TASK DESCRIPTION = For the records below, please print exactly and only the lines from the one with "SEM micrographs of" down to the one with "Twinkle Twinkle also", both ends included, omitting the pictures.

RECORDED INFORMATION =
::::::::
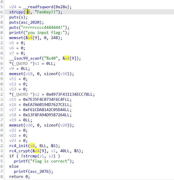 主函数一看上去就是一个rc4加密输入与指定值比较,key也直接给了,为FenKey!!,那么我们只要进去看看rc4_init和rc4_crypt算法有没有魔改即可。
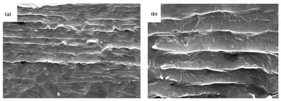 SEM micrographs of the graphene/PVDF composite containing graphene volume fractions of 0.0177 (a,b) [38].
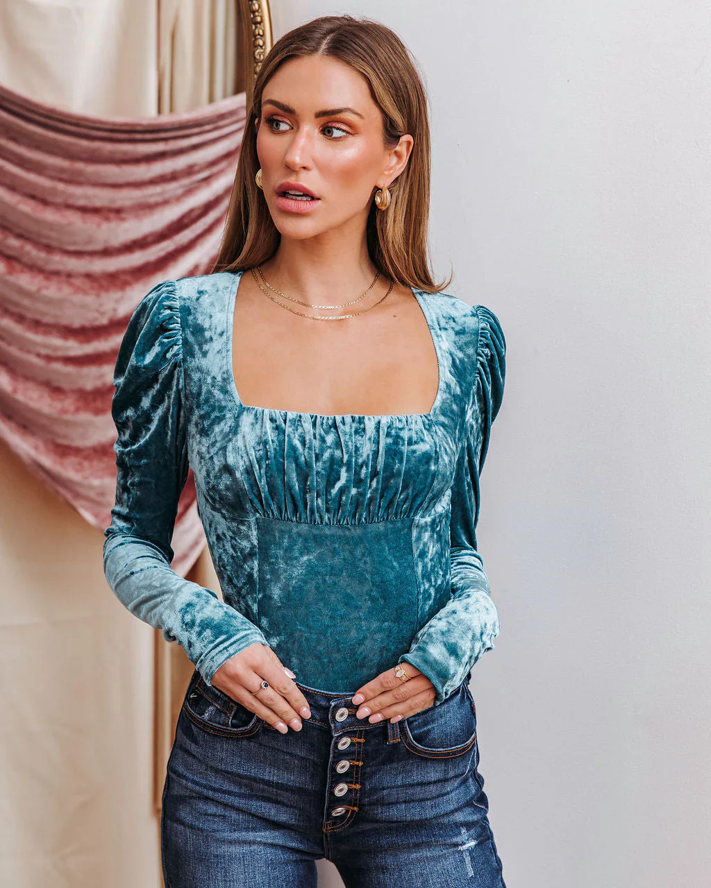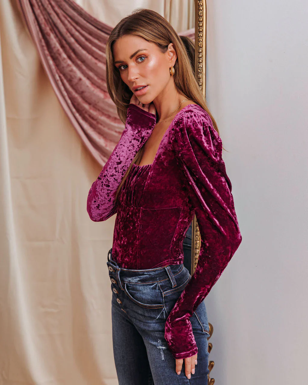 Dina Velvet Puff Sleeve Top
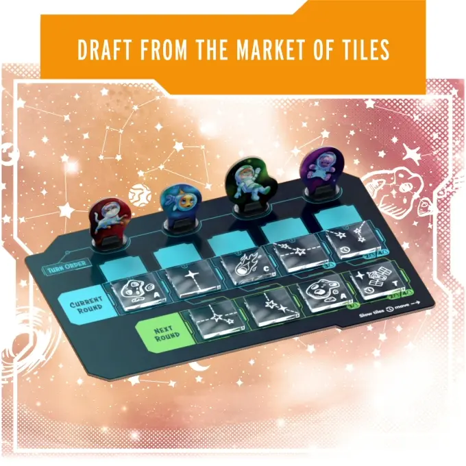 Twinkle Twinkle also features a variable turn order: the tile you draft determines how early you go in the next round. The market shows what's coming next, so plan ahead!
::::::::
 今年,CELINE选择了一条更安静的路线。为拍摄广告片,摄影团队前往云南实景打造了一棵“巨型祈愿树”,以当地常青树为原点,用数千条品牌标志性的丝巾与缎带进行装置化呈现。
::::::::
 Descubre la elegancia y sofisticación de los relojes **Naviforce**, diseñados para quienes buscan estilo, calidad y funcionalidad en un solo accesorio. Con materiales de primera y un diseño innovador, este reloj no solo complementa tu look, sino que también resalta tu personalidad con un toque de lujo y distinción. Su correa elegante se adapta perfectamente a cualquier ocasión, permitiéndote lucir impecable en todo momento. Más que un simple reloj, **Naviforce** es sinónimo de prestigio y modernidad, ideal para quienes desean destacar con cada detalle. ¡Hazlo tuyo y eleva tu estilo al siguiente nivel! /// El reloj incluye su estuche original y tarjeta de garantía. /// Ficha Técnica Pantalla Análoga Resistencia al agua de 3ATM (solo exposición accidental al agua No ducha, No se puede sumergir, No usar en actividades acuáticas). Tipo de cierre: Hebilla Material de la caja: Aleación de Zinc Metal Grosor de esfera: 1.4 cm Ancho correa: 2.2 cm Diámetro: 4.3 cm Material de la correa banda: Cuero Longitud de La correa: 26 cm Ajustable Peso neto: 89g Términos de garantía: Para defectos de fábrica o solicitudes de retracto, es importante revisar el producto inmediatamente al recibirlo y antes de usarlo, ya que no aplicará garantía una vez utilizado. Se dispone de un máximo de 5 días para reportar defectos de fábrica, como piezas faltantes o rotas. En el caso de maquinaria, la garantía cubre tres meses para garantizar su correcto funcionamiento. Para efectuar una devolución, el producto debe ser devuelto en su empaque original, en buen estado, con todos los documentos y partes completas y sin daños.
::::::::
FINISHED TASK =
 SEM micrographs of the graphene/PVDF composite containing graphene volume fractions of 0.0177 (a,b) [38].
 Dina Velvet Puff Sleeve Top
 Twinkle Twinkle also features a variable turn order: the tile you draft determines how early you go in the next round. The market shows what's coming next, so plan ahead!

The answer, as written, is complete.